“These are my winter, off-season paintings, “ said Sarah Bird about her recent still lifes and landscapes available through Jessie Edwards Studio. Bird’s artistic impulses are tied to the seasons, and, as she explains, they reflect her reactions to a particular time of year.
In winter, she turns inward to concentrate on capturing the essence of whatever attracts her eye. For example, in her series of mandarin orange still lifes, she catches the tactile sense of the rough and shiny skin of the oranges that hints at the succulent sections inside. We sense that the skin is firm but easy to peel, its texture in contrast to the fragile, papery leaves that curl around the fruit.
This three-dimensional, sculptural quality is also seen in “Choke Cherry.” Small translucent purple-red cherries glisten with rich color and ripeness. Clustered on a branch, the cherries are distinct in shape and firmness and are surrounded by smooth dark green leaves with finely serrated edges.
Bird calls still lifes a “poetic genre” and takes great care to create “altaresque” settings for her subjects. Even though her subjects are taken from nature — fruit, shells, flowers — they are meant to be seen not as if they are in an unplanned, natural setting, but in one that pays homage to the object’s essential presence and that allows us to “see the thing itself,” she explained. “Moonshells” is a good example. The delicate moonshells — gathered in October from Dorie’s Cove — are arranged carefully on a textured white cloth. The light is directed from the left side in order to draw attention to the whorls of the smooth, rounded shells, their jagged edges, and their warm yellow and orange interior colors and contours.
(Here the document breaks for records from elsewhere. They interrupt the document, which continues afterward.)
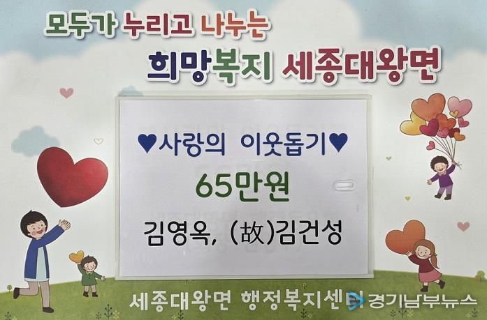 [경기남부뉴스 김혜숙 기자] 지난 29일 세종대왕면 구양리에 거주하는 김영옥, (故)김건성께서 관내 어려운 이웃을 위한 성금 65만원을 세종대왕면 지역사회보장협의체에 기탁했다.
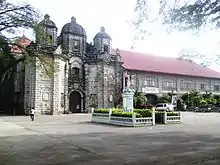 Its façade can compare immeasurably with existing Spanish-style church edifices and architectural design. The church is located in a place that used to be called Cabagsac, referring to the proliferation of fruit bats. In fact, today, a fishnet is permanently installed high above the altar precisely to catch thousands of bats that are roosting inside the church. The interior is dark, has an ambience of antiquity and mystery and overpowering odor of bat urine. The main attraction is the three-tower facade, perhaps one of its kind in the country. Not to be missed is the ancient cemetery located in a hidden corner at the back of the church, with some tombstones dating back to the 1800s and bearing the names of the town's prominent families, including the Elizaldes, Ablazos, Francos, Tarucs, among others.[17]
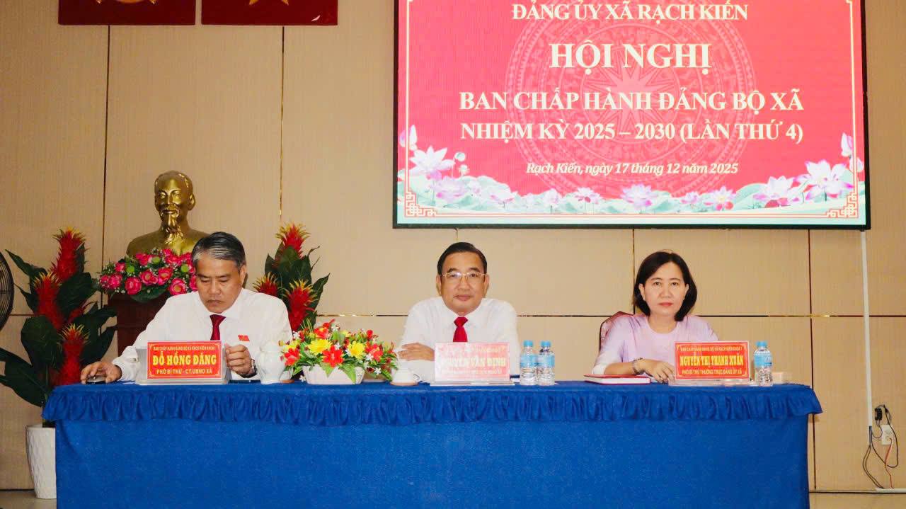 Sáng ngày 17/12/2025, Đảng ủy xã Rạch Kiến tổ chức hội nghị Ban Chấp hành Đảng bộ xã nhiệm kỳ 2025-2030 (lần thứ 4). Thường trực Đảng ủy xã chủ trì hội nghị.
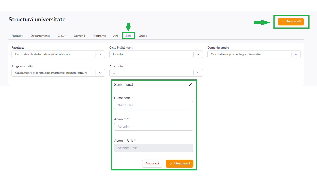 - În continuare, anii de studiu pot fi împărțiți în serii, atunci când există un număr mare de studenți, pentru o gestionare mai eficientă. Apasă butonul “Serie noua”, completeaza campurile “Nume serie” si “Acronimul” iar “Acronimul unic” se completeaza automat. Seriile pot fi denumite folosind cifre (1, 2) sau litere (A, B), în funcție de preferințele instituției. Apasa butonul “Finalizeaza”.
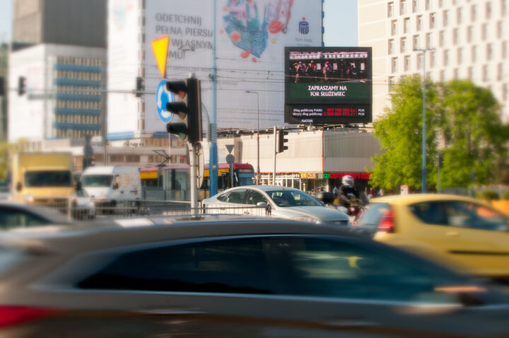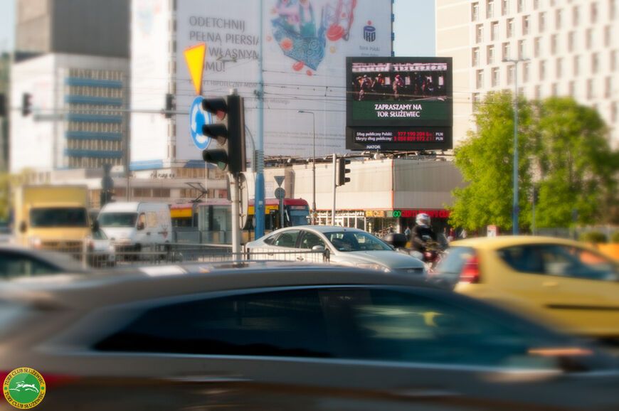 Reklama wyścigów konnych na ekranie w centrum Warszawy (fot. T.Celmer)

“Midwinter” brings the fruits of the orchard and the sea together with opened mussel shells strewn among lemons, grapefruit, and oranges.
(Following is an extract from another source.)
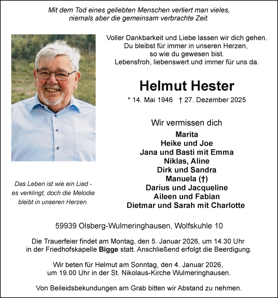 Hier finden Sie alle Traueranzeigen aus der Zeitung, die bisher für Helmut Hester erschienen sind. Weitere Traueranzeigen, die in der Zeitung erscheinen, werden hier ebenfalls aufgelistet
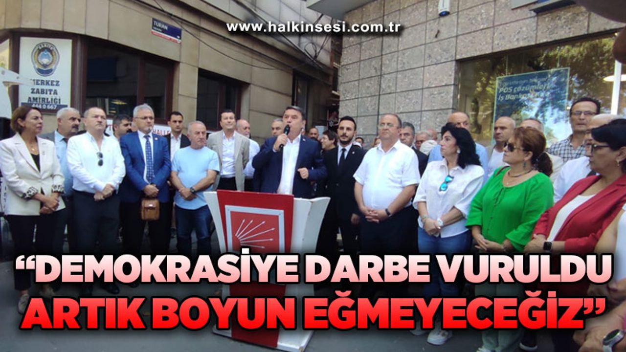 Zonguldak Belediye Başkanı Tahsin Erdem ise konuşmasında, “Belediye başkanlarını içeri attınız, basın mensuplarını içeri attınız. İl başkanlarına sıra geldi, peki daha ne hedefliyorsunuz? Bu ülkeye demokrasiyi getiren Cumhuriyet Halk Partisi’dir, bu asla unutulmasın. Bugün bu ülkeye yapılan zulüm, zalimlik asla unutulmayacaktır. Tarih bunları yazacaktır. Geçmişinizden utanacak hamlelere tevessül etmeyin, bu hesap kolay verilmez. En büyük hesap sandıkta verilecektir. Arkadaşlar, bu ülkeyi güvercin ürkekliğiyle yönetmeye çalışıyorlar ama nafile. Bütün kamuoyu yoklamaları Cumhuriyet Halk Partisi’ne işaret ediyor.

Bird’s New England childhood growing up in Concord, Massachusetts, home of the Transcendentalists, and the influence of the Hudson River School of Painting instilled in her a reverence for the untouched natural beauty of the American landscape. This sensibility is seen not only in her emphasis on capturing the essence of a subject in her still lifes but also in her landscapes. “Hodge Property,” begun during an October visit to Block Island, is a view across warm, golden fields and clear blue water, with the mainland a long grey streak across the horizon. A pale blue sky is flocked with wispy clouds. “Island View” is a meditation in subtle blues and grey. The island is Manana Island in Maine, with its rocky coast curving into the flat grey-blue water in the center of the painting and linking land, sea, and sky.